Toaster is a programmable packet switching ASIC consisting of an embedded array of cpu cores and several external memory interfaces. The chip may be programmed to partition packet processing as one very long pipeline, or into several short pipelines operating in parallel. It is designed primarily to process IP packets at very high rates using existing forwarding algorithms, though it may also be programmed to perform other tasks and protocols.

Toaster is composed of an array of 16 CPUs, arranged as 4 rows and columns. The core CPUs are a cisco designed CPU optimised for packet processing. A key aspect of toaster is that it is highly programmable, i.e it is not a dedicated ASIC with fixed set of functions or features that cannot be extended.

In a purely parallel multiprocessor chip, each cpu core needs shared or private access to instruction memory for the complete forwarding code. This was ruled out both because it was an inefficient use of precious internal memory, and because it would be difficult to efficiently schedule external data accesses with so many processors running at different places in the code path. An alternative is to lay out the datapath into a very long pipeline; this conserves internal code space, since each processor executes only a small stage of the packet switching algorithm. One drawback of this approach is that it is difficult to break the code up into 16 different stages of equivalent duration. Another problem with the very long pipeline is the overhead incurred in transferring context from one processor to the next in a high bandwidth application.

Toaster's multiprocessor strategy is to aim at a configurable sweet spot between fully parallel and fully pipelined. The normal Toaster mode has all processors in a row operating as a pipeline, while all processors in a column operate in parallel with a shifted phase. Packets that enter Toaster are multiplexed into the first available processor row. In this mode, packets work their way across the pipeline synchronously at one fourth the rate that packets enter the chip. When a packet reaches the end of a row, it may exit the chip and/or pass back around to the first processor of the next logical row. This facilitates packet replication for applications such as multicast and fragmentation, as well as enabling the logical pipeline to extend for more than four cpu stages.

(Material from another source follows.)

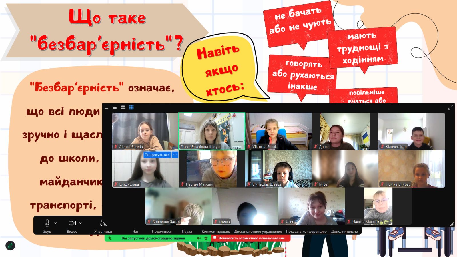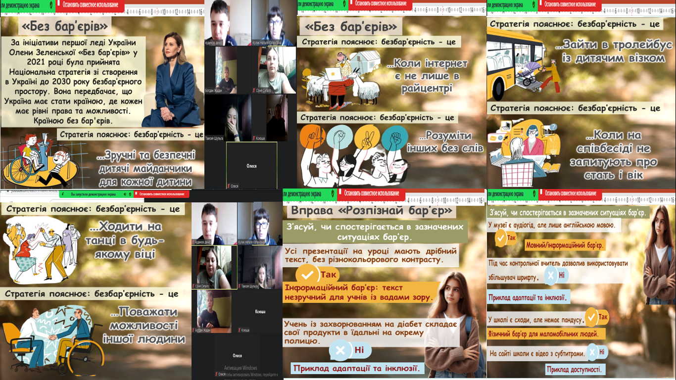 Проведені інтерактивні години спілкування: «Дружні серця без бар’єрів», «Маленькі серця без бар’єрів», «Безбар’єрність: тренд людяності»? «Світ без перешкод: Шлях до безбар’єрного», «Безбар’єрність-це бачити людей серцем».

Each column of CPUs share the same instructions, downloaded by a supporting embedded general purpose CPU (which also manages the housekeeping functions, boots the system etc). Each column supports a 32 bit memory interface which can be either SDRAM (up to 256Mb) or SRAM. A small amount of on-chip shared internal column memory exists, and each CPU has a 128 byte local memory block.
The current generation of toaster is implemented in .20um technology with a 1.8V core, operating at a system clock speed of 100MHz.

Dataflow Concept

Toaster is fundamentally different from general purpose CPUs, because it is based on a packet dataflow model where the packet data passes through the ASIC rather than the typical centralised CPU model where the CPU fetches the data from external memory. Apart from the 4 column memory interfaces, two separate 64 bit wide high speed interfaces provide the input and output paths of the packet data; these two interfaces are complementary so that the output of one toaster ASIC can be joined to the input of another to provide a deeper pipeline for more sophisticated packet processing. The interfaces can operate at full system clock speed for a maximum throughput of 6.4Gbps.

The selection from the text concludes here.